Chanting Can Lower Blood Pressure
Studies done over a 24 hour period show that those who chant actually lower their heart rate and lower their blood pressure while chanting. And that also helps them keep their blood pressure lower throughout the rest of the day. Why this happens might be because we breathe better while chanting, and we also feel better, and thus good hormones such as dopamine help to create better health and thus we feel better and actually are better. A study done by Telles, Nagendra, and Nagarathna showed that those who do chanting have improved cardiac output and lower blood pressure.
Chanting Creates Better Sleep
With fewer stress chemicals in our brains and bodies, we sleep better and thus we wake up feeling refreshed and ready for another day.

Chanting Slows the Aging Process
One study by Lavretsky in 2011 showed that when people did chanting they actually had an increase in cellular telomerase activity… which slows our cellular aging process. That is pretty amazing!
Psychological & Emotional Benefits of Singing
Singing is a natural anti-depressant
Singing is known to release endorphins, the feel-good brain chemical that makes you feel uplifted and happy. In addition, scientists have identified a tiny organ in the ear called the sacculus, which responds to the frequencies created by singing. The response creates an immediate sense of pleasure, regardless of what the singing sounds like. Not only that, but singing can simply take your mind off the day’s troubles to boost your mood. Singing improves mental alertness improved blood circulation and an oxygenated bloodstream allows more oxygen to reach the brain. This improves mental alertness, concentration, and memory. The Alzheimer’s Society has even established a “Singing for the Brain” service to help people with dementia and Alzheimer’s maintain their memories.

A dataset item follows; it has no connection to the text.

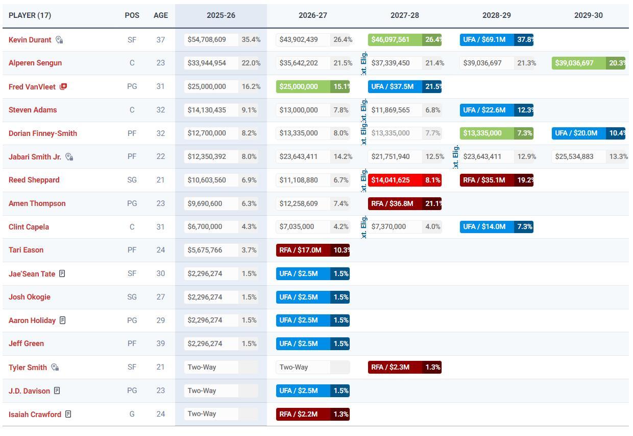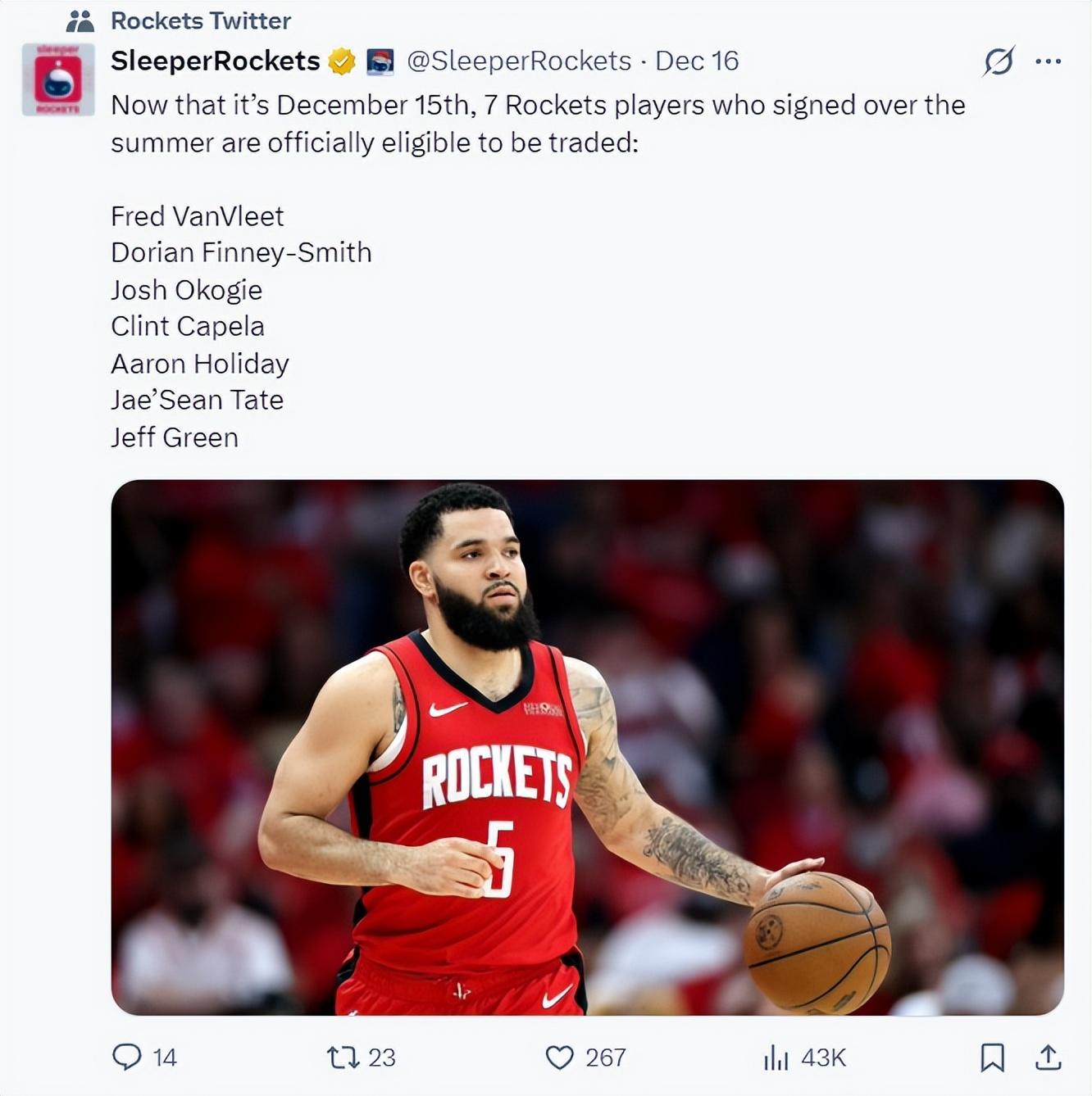 在12月16日後,今夏跟火箭隊簽下合同的7位球員已經解開了交易限制:範弗利特、芬尼史密斯、奧科吉、卡佩拉、霍勒迪、泰特、傑夫-格林。

Chanting Can Reduce Anxiety, Fear, and Anger
Chanting helps to regulate the hypothalamus of the brain. This is the control center of emotions and chanting also helps to calm down the amygdala of the brain or the anger center of the brain. Our amygdala becomes hyper-sensitized to anger and more anger starts to create more activity in the amygdala of the brain and this creates a vicious cycle. But chanting calms both areas and thus helps to heal the amygdala and thus anxiety starts to disappear and also anger.
Chanting Can Create a Better Mood and End Depression
Studies show that chanting creates more endorphins in our body and thus helps to create a better mood. A study in the International Journal of Yoga using fMRI showed that those who did chanting actually stimulated the limbic system of the brain and helped those where were depressed. There are many areas of the brain that are stimulated when chanting including the amygdala, orbitofrontal cortex, hippocampus, anterior cingulate gyrus, insula, parahippocampal gyrus, orbitofrontal cortex, and thalamus. Also, chanting has been shown to help those with Post Traumatic Stress Disorder. And chanting can increase brain function for those suffering from strokes and epilepsy. Studies show that those who chant have less tendency to have negative moods and thus feel better on a regular basis. This all comes about because of changes in our brain chemistry.

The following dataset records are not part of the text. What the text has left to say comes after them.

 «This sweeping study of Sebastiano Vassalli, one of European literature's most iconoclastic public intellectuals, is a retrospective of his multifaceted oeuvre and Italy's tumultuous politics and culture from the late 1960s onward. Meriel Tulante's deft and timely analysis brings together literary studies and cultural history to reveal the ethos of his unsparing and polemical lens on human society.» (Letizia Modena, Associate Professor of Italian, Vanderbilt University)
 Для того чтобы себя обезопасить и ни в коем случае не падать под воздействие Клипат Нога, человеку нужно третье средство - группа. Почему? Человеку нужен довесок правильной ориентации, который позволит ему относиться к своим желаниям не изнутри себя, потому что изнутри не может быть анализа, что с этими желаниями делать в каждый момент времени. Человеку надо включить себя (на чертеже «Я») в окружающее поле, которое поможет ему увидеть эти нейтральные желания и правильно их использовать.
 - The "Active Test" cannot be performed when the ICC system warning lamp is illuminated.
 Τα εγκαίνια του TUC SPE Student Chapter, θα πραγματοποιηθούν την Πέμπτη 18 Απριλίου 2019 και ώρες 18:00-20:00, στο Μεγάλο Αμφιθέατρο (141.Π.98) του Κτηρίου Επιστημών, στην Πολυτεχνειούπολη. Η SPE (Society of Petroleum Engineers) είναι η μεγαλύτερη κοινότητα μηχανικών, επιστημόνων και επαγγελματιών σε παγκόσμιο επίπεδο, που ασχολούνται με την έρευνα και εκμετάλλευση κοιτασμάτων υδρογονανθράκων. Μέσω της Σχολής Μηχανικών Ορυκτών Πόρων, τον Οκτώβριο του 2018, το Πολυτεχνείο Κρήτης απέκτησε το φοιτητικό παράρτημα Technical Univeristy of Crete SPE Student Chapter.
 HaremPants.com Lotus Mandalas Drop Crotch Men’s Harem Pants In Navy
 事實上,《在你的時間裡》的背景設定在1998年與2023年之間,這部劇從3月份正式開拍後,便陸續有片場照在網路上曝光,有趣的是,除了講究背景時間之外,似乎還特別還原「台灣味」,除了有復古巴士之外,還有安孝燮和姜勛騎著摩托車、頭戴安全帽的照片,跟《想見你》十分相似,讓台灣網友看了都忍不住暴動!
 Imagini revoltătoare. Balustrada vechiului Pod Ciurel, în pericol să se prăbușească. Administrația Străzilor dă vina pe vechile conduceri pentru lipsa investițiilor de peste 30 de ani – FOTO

We Have More Feelings of Well Being When Chanting
A study done by Gupta and Bhatt in 2013 showed that those who did chanting on a regular basis had more feelings of well-being, less stress, and they had a better mental attitude.

The Words We Use for Chanting Do Matter
Studies show that the words used for chanting do seem to matter. If you just use any old word it doesn’t seem to work as well as Sanskrit words or some other type of spiritual word. And if you listen to chanting that also helps… but actually doing the chanting is the best.